Step 4: Obtain the mask label information of the new sample image, and update the network parameters of the segmentation network and the segmentation network optimization function based on the new sample mask image and the mask label information of the new sample image.

Among them, the segmentation network optimization function is: the product of the current classification activation map and the feature extraction result is multiplied by the learning parameter α, and the multiplication result and the feature extraction result are summed, and the initial value of the learning parameter α is the specified value ( For example, 0), the above-mentioned updating of the segmentation network optimization function includes: updating the segmentation network optimization function by gradient according to the direction of increasing the learning parameter α.

Exemplarily, the above-mentioned segmentation network optimization function f' _m (x) is shown in the following formula 1.2:

f' _m (x)=α(C(x)×f _m (x))+f _m (x) Equation 1.2

In Equation 1.2, C(x) represents the current classification activation map, and _fm (x) represents the feature extraction result output by the pyramid sampling module. The initial value of the above learning parameter α is 0, which is gradually increased during training. As can be seen from Equation 1.2, the segmentation network optimization function combines the global view of the input image and selectively activates the classification according to the classification activation map returned by the regression network. Aggregate context, which improves intra-class compactness and semantic consistency.

Step 5: Perform iterative training on the segmentation network according to the updated network parameters to obtain the target segmentation network.
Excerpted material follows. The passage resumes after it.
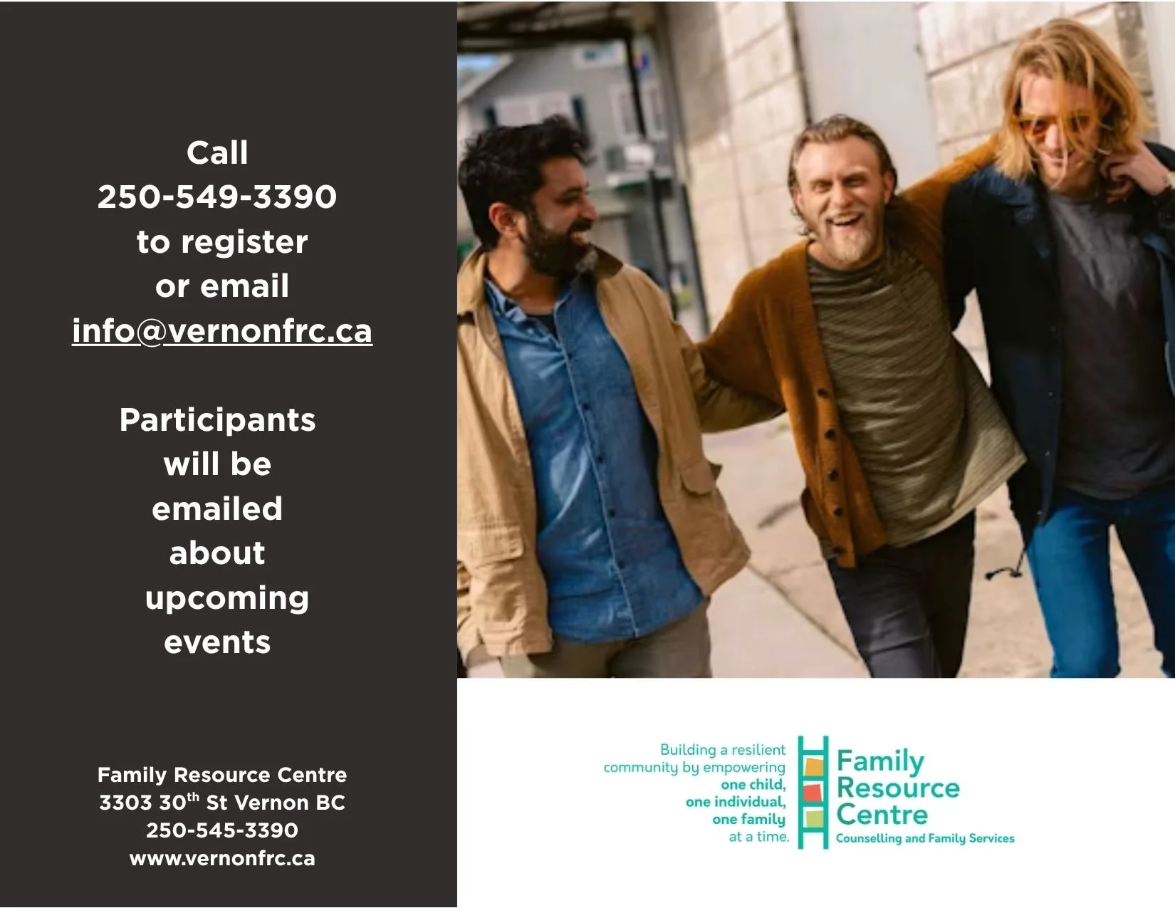 Call 250-545-3390 or email info@vernonfrc.ca to register and get the event schedule.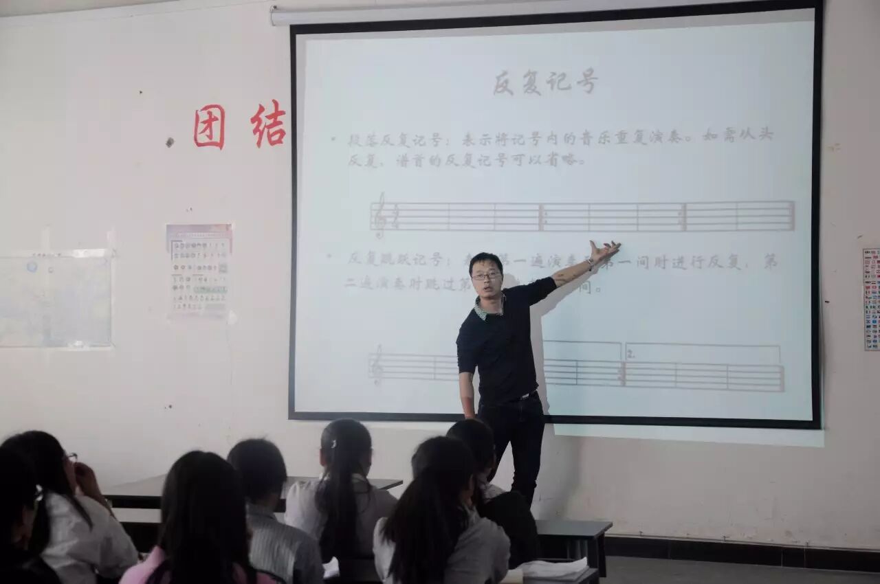 在第一堂课时,余金成老师用着幽默的话语给同学们讲授了学习葫芦丝应该掌握的基本知识。在小编踏入教室的不久后,老师在给同学们讲“节奏”时突然清嗓高歌“苍茫的天涯是我的爱~”把同学们都都笑了,看到这是不是有种想去听他课的冲动?

In the specific implementation, the target loss function of the segmentation network

as shown in Equation 1.3 below:

Among them, m represents the number of categories of the target to be segmented, f(x _j ) and s _j represent the number of pixels of the jth category of the predicted pixel value and the real pixel value, respectively, j is a positive integer, and λ is a weight parameter, which can be based on experiments The measurement data is preset. In the embodiment of the present application, when the target object is a spine, in order to make the segmentation network pay attention to the shape/edge of the spine, each pixel in the mask image output by the segmentation network can be divided into three categories (that is, the above m is 3): background , vertebrae and intervertebral discs, the pixel values corresponding to the pixels whose categories are background, vertebrae and intervertebral discs can be 0, 1 and 2 respectively, which can be used to distinguish the categories to which different pixel points belong.

After the segmentation network obtains the new sample mask image, the pixel prediction value of each pixel in the new sample mask image can be determined, and it is determined that the new sample image corresponding to the new sample image indicated by the mask label information corresponds to each pixel in the actual mask image. The marked value of the pixel point (that is, the above-mentioned real pixel value), and the value of the target loss function is calculated according to the predicted value and the marked value of each pixel. With the goal of reducing the value of the objective loss function, the network parameters of the segmentation network and the optimization function of the segmentation network are updated.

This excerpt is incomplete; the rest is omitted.